Reads good......if I may point out one thing though, maybe find a way to re-highlight the finincial inequality per student as that is the one thing that made me go hmmm.......

And the reason I say that is, [and I don't mean this to read as bad as I know it does but things are hard to convey on the internet,] is that the public quickly tunes out the "whine" part and needs a small fact they can relate and hold onto.
 
"Equity in education is a right that is taken for granted across Canada, yet it is a fallacy in First Nations communities - $6,400 does not equal $9,450.   That is 3,000 dollars worth of inequality for every kindergarten through grade 12 student in the system every year"

Hows that?
 
Mix that in with the last paragraph and I'm good.
Bruce
 
You have not provided any other solution than spending money.  Although the discrepancy is painfully obvious, it isn't a solution.  My first question when I read the comparison was to ask how much money was spent on a urban child in Manitoba simply because Ottawa may spend more than Winnipeg.  You might focus on the fact that the DND has a separate act that focuses on childhood education for dependents whilst the care for Native Canadians is wrapped up in an omnibus bill which covers everything from land allocations to tax rights and for all I know whether Pepsi or Coke machines are allowed in a store.  I suggest providing readers with a place/plan to spend the money more wisely and not just a feel good throw money at the problem and it will disappear.
 
Accountability acts are one of the major solutions in my opinion.  Currently there is no recourse if a band chief and council decides to shut down the school for whatever reason, or fire teachers for no reason. 
 
UberCree said:
Accountability acts are one of the major solutions in my opinion.  Currently there is no recourse if a band chief and council decides to shut down the school for whatever reason, or fire teachers for no reason. 

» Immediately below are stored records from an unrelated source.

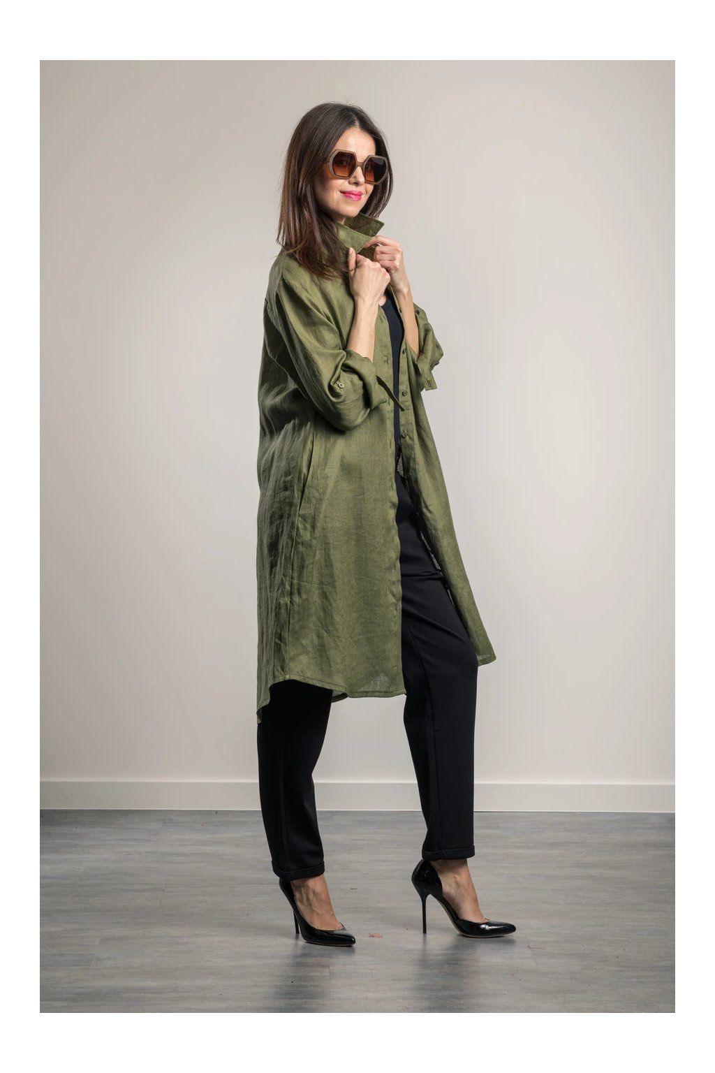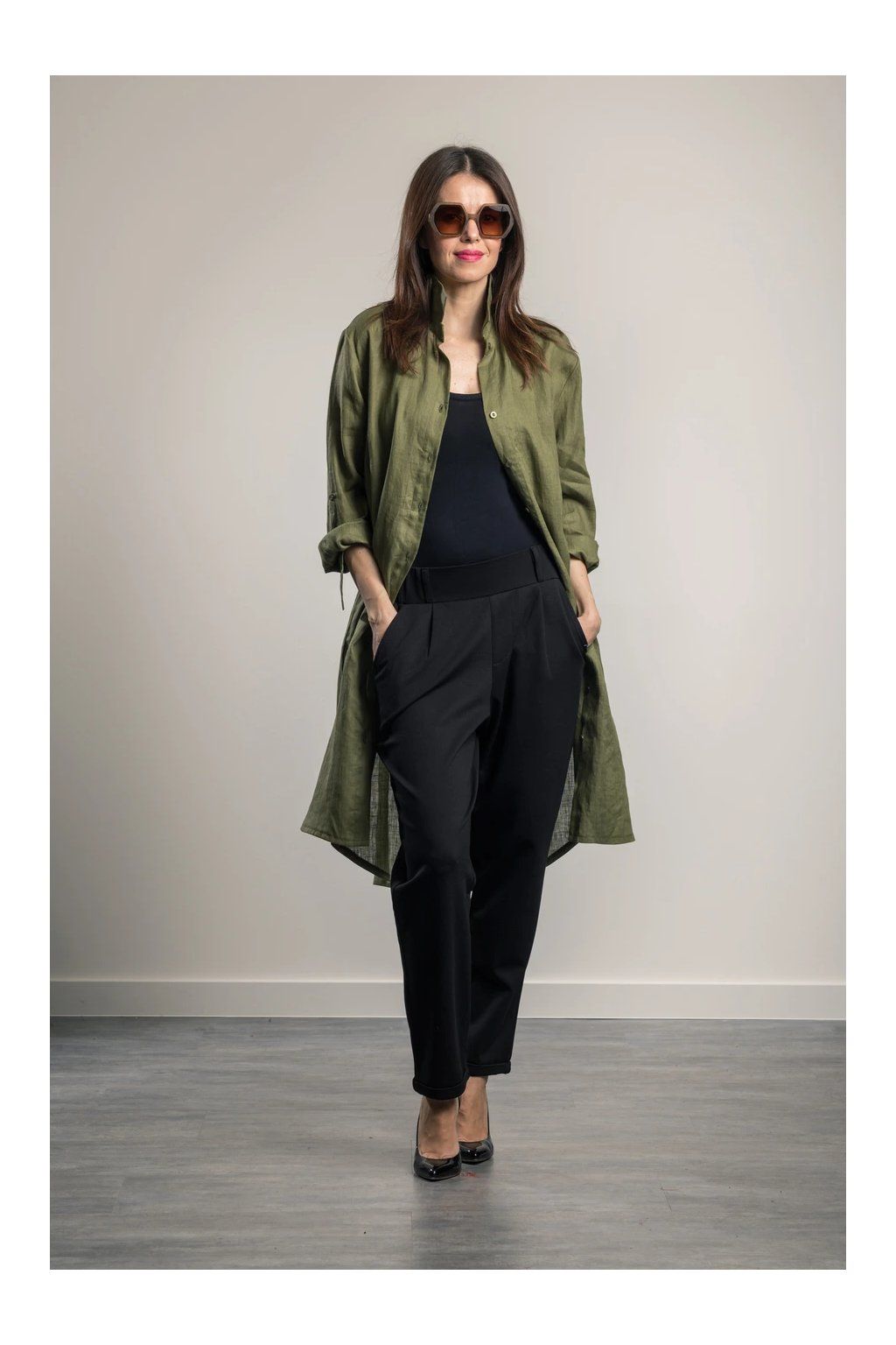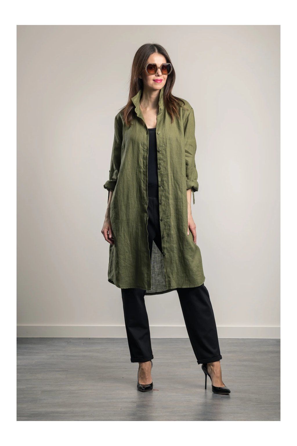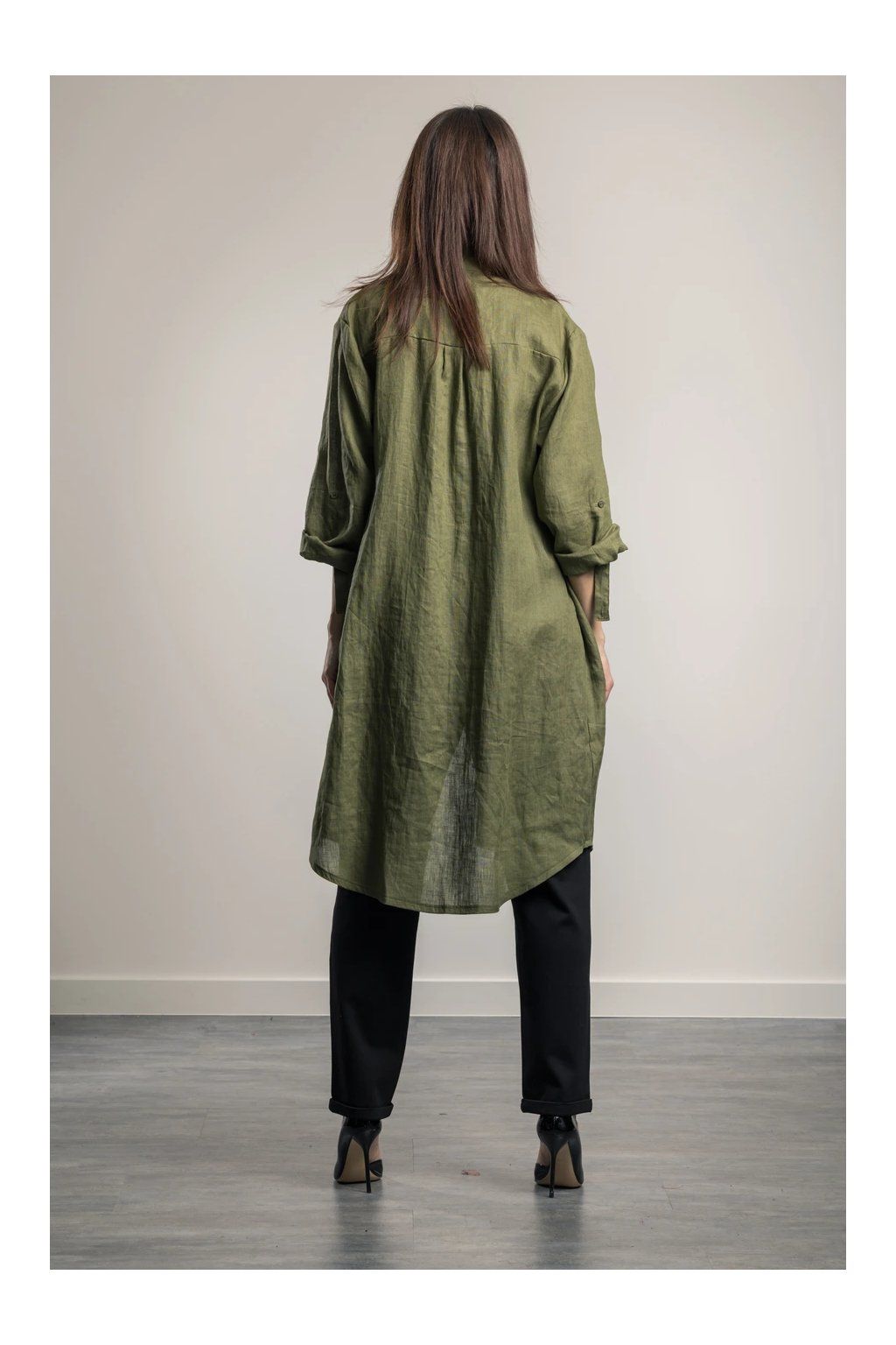 Leinenhemd Romy Khaki Maxi-Hemd aus feinem Leinen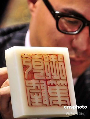 八月二十六日,香港蘇富比舉行“中國瓷器及工藝品秋季拍賣會” 媒體預(yù)展,展示的乾隆帝御寶交龍鈕《乾隆御筆》白玉璽。其玉璽之白玉質(zhì)地極為通靈溫潤,通體潔白致密,而且體量碩大,印面達(dá)到是十二點(diǎn)五平方厘米,是所有乾隆帝名號璽中最大的一方,實(shí)屬罕見。預(yù)料成交價(jià)超過五千萬港元。
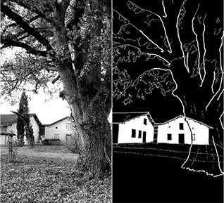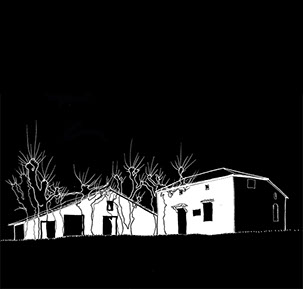Le fronton et son aire de jeux ainsi que le boulodrome et le petit bâtiment de services sont implantés Nord/Sud, parallèlement à la RD29. Ils s’organisent dans la trame de plantation des platanes qui se développera, dans le cadre de la re-composition générale, en direction de l’Est au-delà de la route départementale vers l’espace salle polyvalente.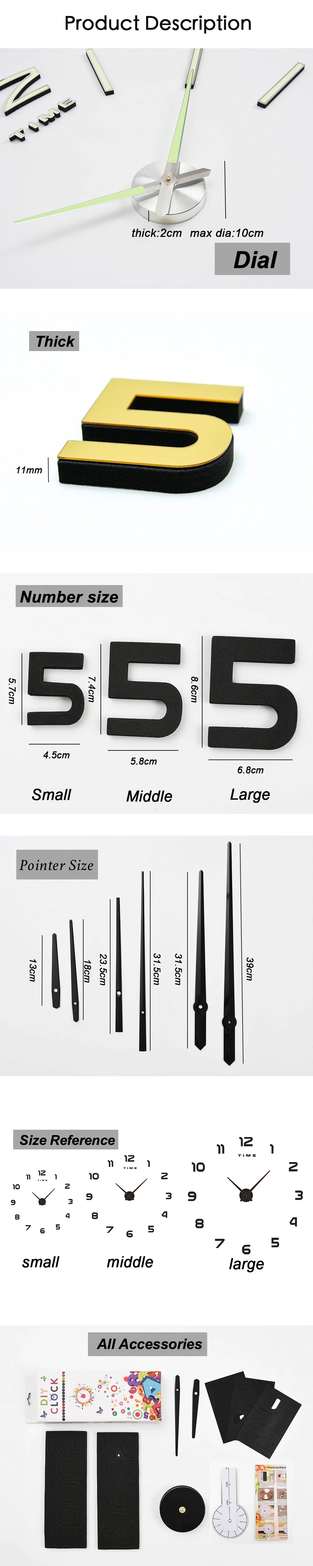 Современный Креативный дизайн: Эти 3d часы diy имеют большой размер и акриловую зеркальную поверхность. Это отличное украшение для пустой стены.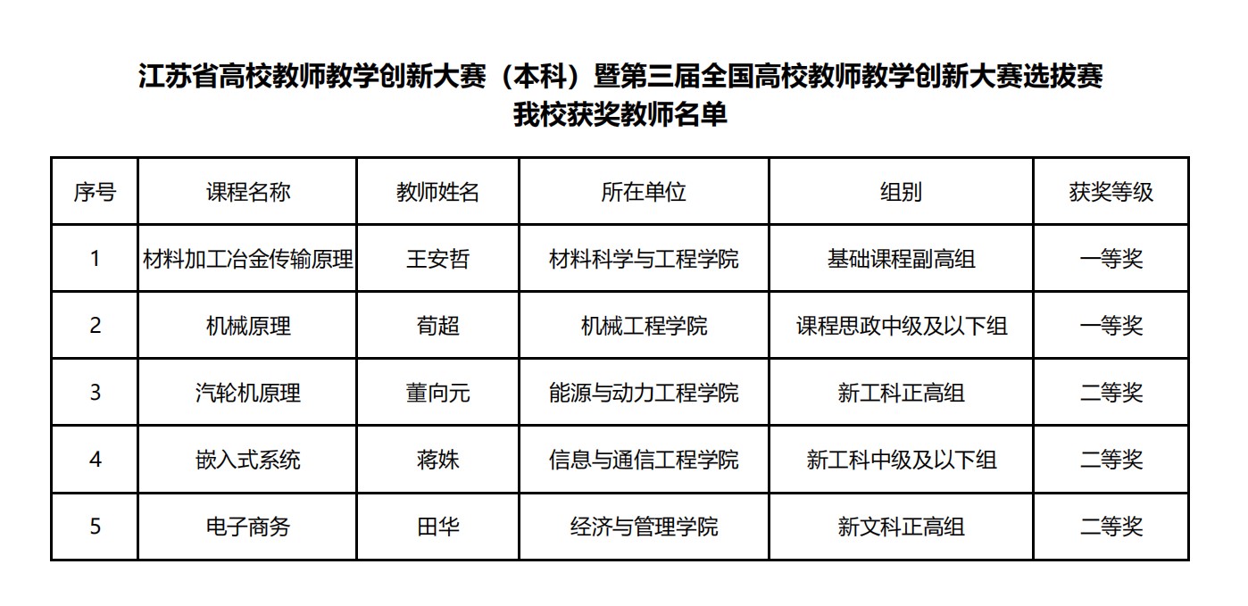 近日,江苏省高校教师教学创新大赛(本科)暨第三届全国高校教师教学创新大赛选拔赛决赛在南京航空航天大学落下帷幕。beat365共6门课程参赛,其中2门课程入围决赛,最终机械工程学院荀超老师及其团队,材料科学与工程学院王安哲老师及其团队在各自组别中荣获大赛一等奖;能源与动力工程学院董向元老师团队、信息与通信工程学院蒋姝老师团队、经济与管理学院田华老师团队荣获大赛二等奖。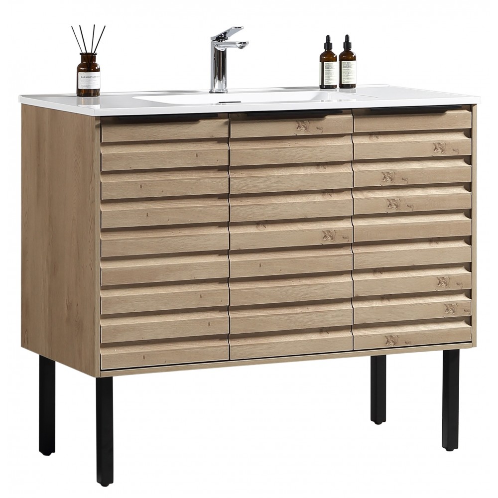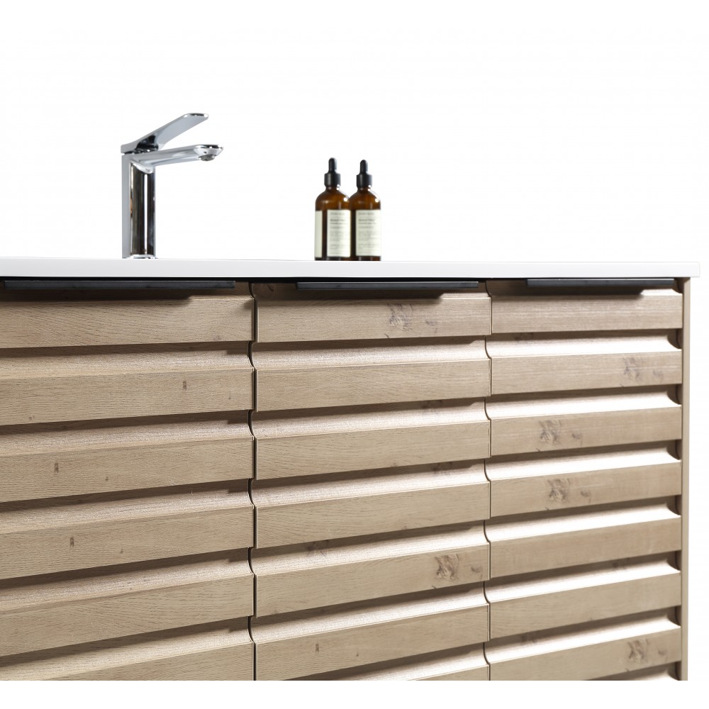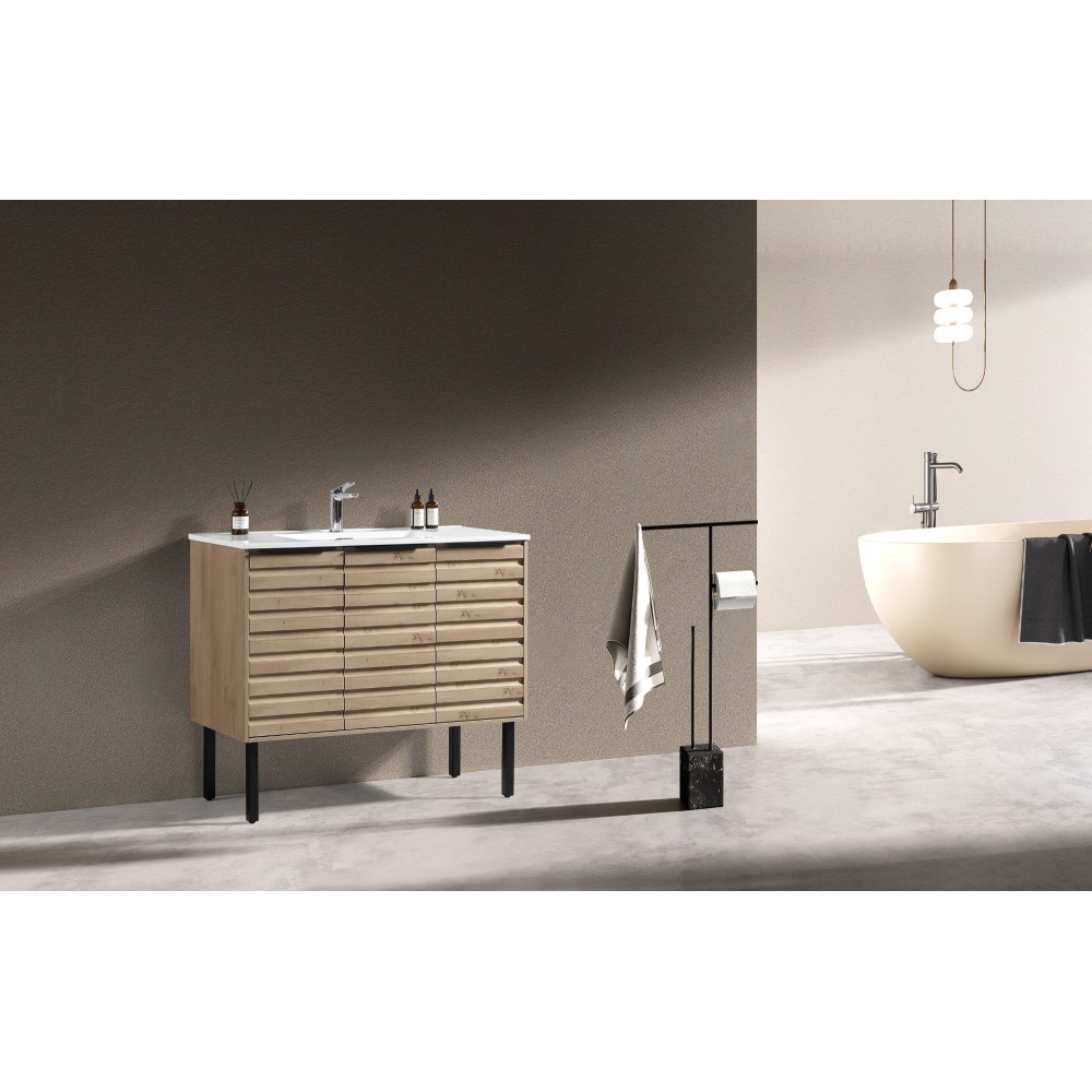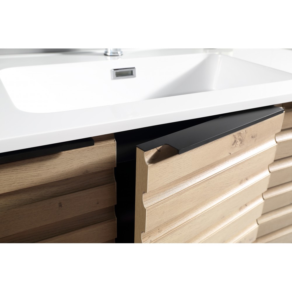 The Tavira 39.5" vanity embodies modern elegance with its horizontal fluted façade and warm Zurich Oak finish. Supported by a sleek black metal base, it blends natural texture with refined geometry for a timeless, contemporary aesthetic.

That is something that needs to be rectified first. No sense putting more money into a system where it will be wasted. Money will not change anything if not accompanied by reform.
 
I think you have a good point, and that you have argued it well - but I also agree with later comments regarding accountability of Chiefs/Band Councils.

I agree with Cdn Aviator - the Chiefs/Band Council problem needs to be fixed BEFORE the (sorely needed) money is applied to the educational problem - otherwise it's just wasted.
 
I am in agreement; just advocating more money will not fix the mess. Look how well that solution works for Canadian health care or higher education for example.

Since your issue is the lack of accountability in how resources are allocated, then the thrust of your editorial should be how to increase accountability. Canadian experiments like the growth of Parental Charter Schools in Alberta, or US experiments with school vouchers show two possible ways ahead.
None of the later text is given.